How to Parent On No Sleep

The older kid has night terrors and the baby is teething, so you got about 15 minutes of sleep last night. You're so bleary-eyed that you'd trade a kidney for a day in bed, but that ain't happening. Because you're a mom. So how are you supposed to make it through the day without passing out on top of your children and crushing them? Try some of these proven sleep deprivation survival tactics:

Suggest a game of hide and seek. Always hide in your bed.

Chase your coffee with a 2-liter bottle of Mountain Dew. Avoid water, which will do nothing for you, unless you're spraying it at your face.

RELATED: 20 Signs You're a Sleep-Deprived Mom

Initiate imaginative play. I know, sounds exhausting, but here are the only roles for you: comatose patient in a hospital, napping baby in a family or inanimate tea party utensil, but not like the talking kind from "Beauty and the Beast." The totally silent and still kind.

Allow the kids to turn the master bedroom into a giant pillow fort. Offer to test it. Tell them to add more blankets.

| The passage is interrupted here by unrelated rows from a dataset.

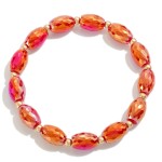 Faceted Beaded Stretch Bracelet With Gold Bead Accents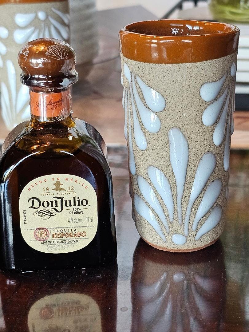 STYLE: This rustic Talavera shot glass features a natural textured finish with bold, hand-painted white floral designs. Designed by The Talavera Hub and handcrafted at our family partner workshop in Guanajuato, Mexico. This piece is hand-blown from lead-free glass. Each piece reflects the traditional charm of artisan Mexican pottery.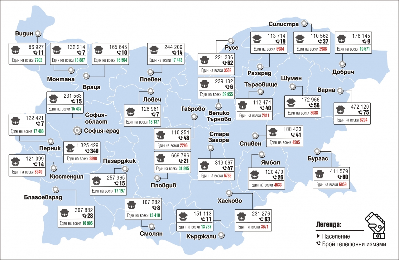 Пословичните с пестеливостта си габровци, но именно те са най-често измамени от "ало измамници". Това става ясно от броя на регистрираните от МВР престъпления в областта за 2018 г. спрямо населението по данни на Националния статистически институт (НСИ) към май м.г. На другия полюс - най-малко жертви на глава от населението, е съседната област Велико Търново, показват данните на МВР. Там само 6 души са дали пари на телефонни измамници през 2018 г. от всички 239 132 - или 1 шаран на 40 000 души. В Търново е и най-голямата разкриваемост на телефонните измами - 70% от случаите, което е рекорд и прецедент за цялата страна. След габровци в класацията по най-много жертви на глава от населението се нарежда област Търговище, където пострадалите са 40 от общо 112 474, или 1 на всеки 2811. Близък е резултатът и в Силистра - 37 жертви от 110 562 население, или 1 на 2988.

Invite someone over. Literally, anyone. The refrigerator repairman will do a better job playing with your kids right now than you.

Turn on the TV (Duh). Pro tip: if you're hoping to rest your eyes, you don't want anyone whining for you to fast-forward through commercials or search for the next show. You need a series on Netflix that will automatically play every episode while you space out. "Jake and the Neverland Pirates" is probably a better choice than "Orange is the New Black," but I'm not judging.

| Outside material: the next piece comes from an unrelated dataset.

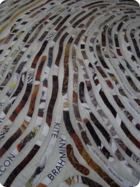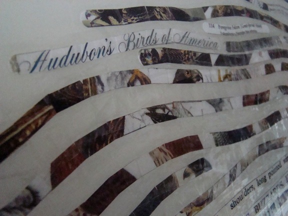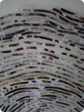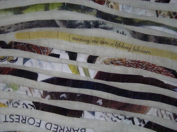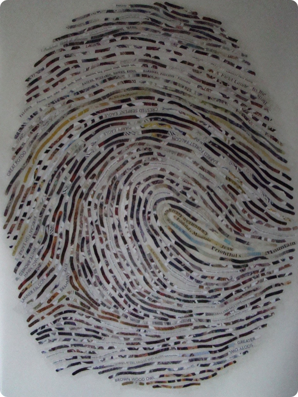All that is needed for this portrait is a list of 15-20 of your favorite books! Other options could include using your children’s favorite books (and their thumbprints), even a list of favorite films, and using dissembled movie posters, song lyrics, cut from the liner notes of favorite cd’s, images and titles from cd or album covers, postcards/travel books/maps for the avid traveler.......). The possibilities are endless! This one is a portrait of Cal, a 14-year-old accomplished falconer, and his thumbprint portrait is made up entirely of bits of text and imagery from books about falcons, hawks, owls and the like. His passion made for a gorgeous direct-from-nature color scheme that I really enjoy.

Close the blinds, hide the clocks and yawn a lot while you serve dinner at 4:30 p.m. Is it bedtime already?

Play salon. You can sit still with your eyes closed while they ruin your hair and makeup. Just hide the scissors.

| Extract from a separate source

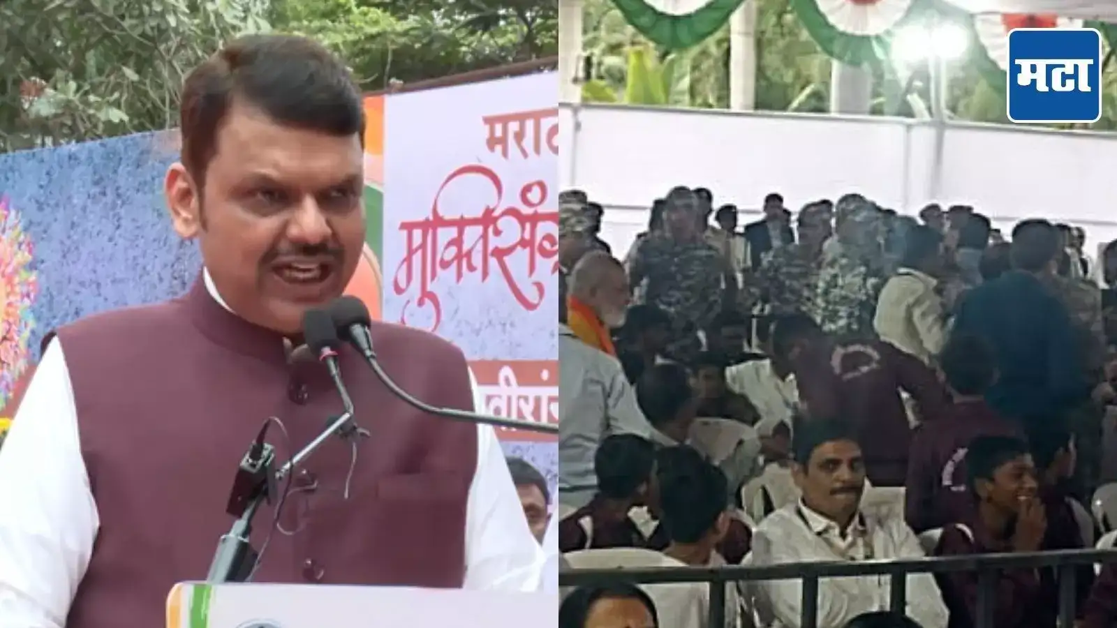 हैदराबाद मुक्तिसंग्राम दिनानिमित्त मुख्यमंत्री देवेंद्र फडणवीस यांचे भाषण सुरू होताच या कार्यक्रमात उपस्थित असलेले काही ओबीसी आंदोलक अचानक उठले आणि त्यांनी घोषणाबाजी करण्यास सुरुवात केली. त्यामुळे सभास्थळी गोंधळ उडाला होता. त्यानंतर पोलीस कर्मचाऱ्यांनी घोषणाबाजी करणाऱ्या ओबीसी आंदोलकांना बाजूला नेत ताब्यात घेतलं आहे.

Bust out the emergency toys. Those gifts you were saving for Christmas? Looks like Christmas came early! Anything that distracts your children so that you can put in minimal effort is money well spent.

Have a dance party. But forget about kids' music—play whatever it takes to wake your ass up, even if it's gangsta rap. Kids gotta learn some time.

Call your lifeline. Your mom lives 3,000 miles away? That's no excuse for not babysitting. Strap kids into high chairs and Facetime her so she can sing songs and read stories while you smack yourself repeatedly in the face.

Play the "Quiet Game." Whoever stays quiet the longest will win an amazing prize that you'll figure out just as soon as you Zzzzzzzzzz.

Turn the A/C on full blast and play the "Frozen" soundtrack. The cold will keep you awake.

RELATED: Is Sleeping Six Hours a Night as Bad as Not Sleeping at All?

Go visit Daddy at work. Surprise, honey! It's your children. Don't mind me, I'm just going to stretch out on your office couch for a second.

Inspire your kids to play independently with just three simple words: clean-up time! They will beg for "five more minutes," during which you will lie down. And since they have no sense of time, five minutes might be 50.

Fake an early bedtime. Close the blinds, hide the clocks and yawn a lot while you serve dinner at 4:30 p.m. Is it bedtime already? We all have our pajamas on, so it must be! Nighty night.